Graphostromataceae

Scientific classification
- Kingdom: Fungi
- Division: Ascomycota
- Class: Sordariomycetes
- Order: Xylariales
- Family: Graphostromataceae M.E. Barr, J.D. Rogers & Y.M. Ju
- Type genus: Graphostroma Piroz
- Type species: Graphostroma platystoma Piroz

= Graphostromataceae =

Family of fungi

The Graphostromataceae are a family of fungi in the order Xylariales. This was a monotypic family, containing the single genus Graphostroma, which in turn contains the single species Graphostroma platystoma.

Species Fungorum added genus Theissenia (with its 2 species) to the family.
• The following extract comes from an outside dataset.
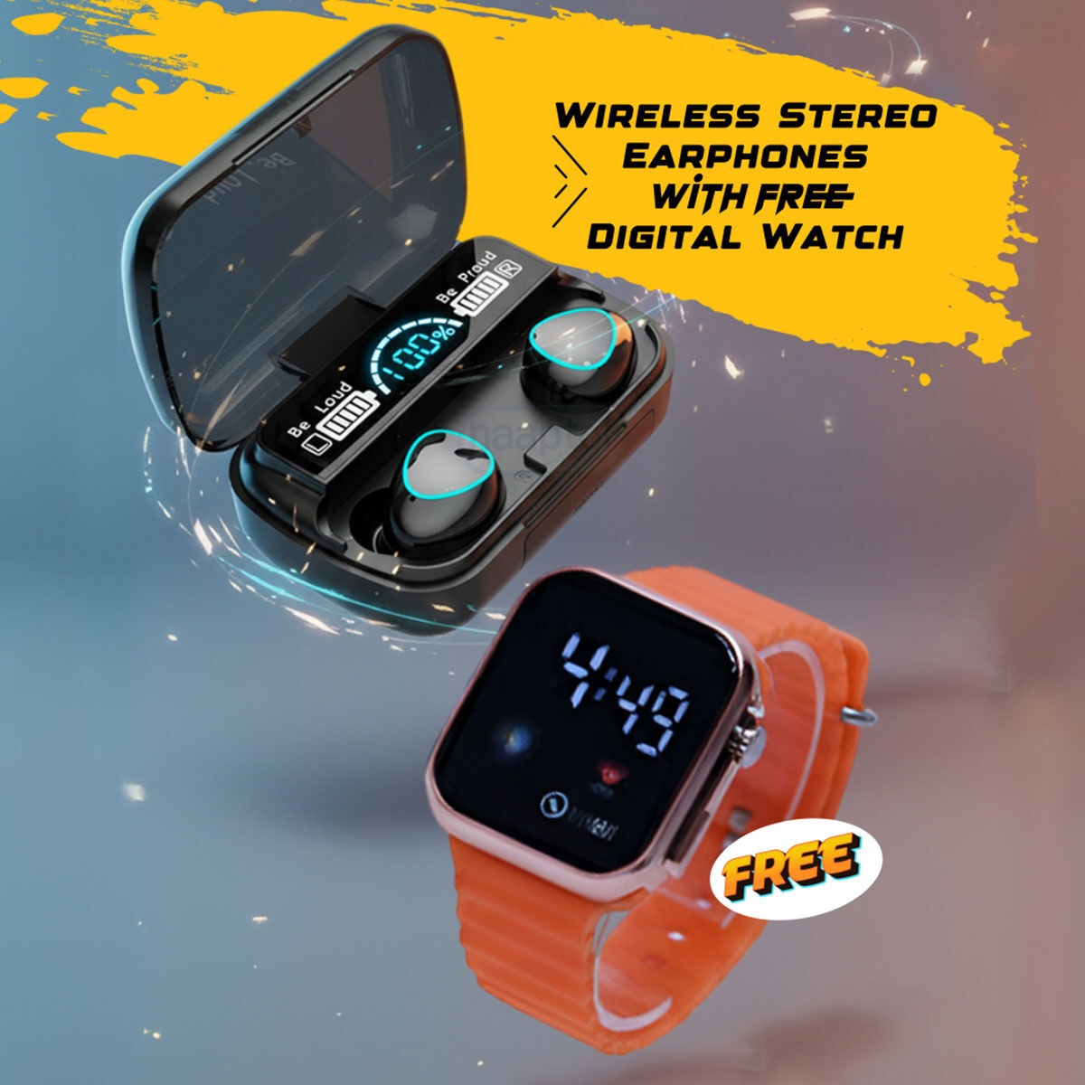 BE WIRELESS. BE WTCHFUL. BE WOW -Wireless Stereo Earphones With Free Digital Watch (TWS86)

In 2018, multi-gene phylogenetic analyses revealed that Graphostromataceae was close to the families of Barrmaeliaceae and Xylariaceae (Daranagama et al. 2018, Voglmayr et al. 2018, Wendt et al. 2018).
Then based on phylogeny and morphology, Theissenia was excluded from the family and accepted in Hypoxylaceae (Wendt et al. 2018).
Five accepted genera maybe contained in the Graphostromataceae family; Biscogniauxia (formerly of family Xylariaceae), Camillea (formerly of family Xylariaceae), Graphostroma, Obolarina (formerly of family Xylariaceae), and Vivantia (formerly of family Xylariaceae). Species Fungorum agrees on the above.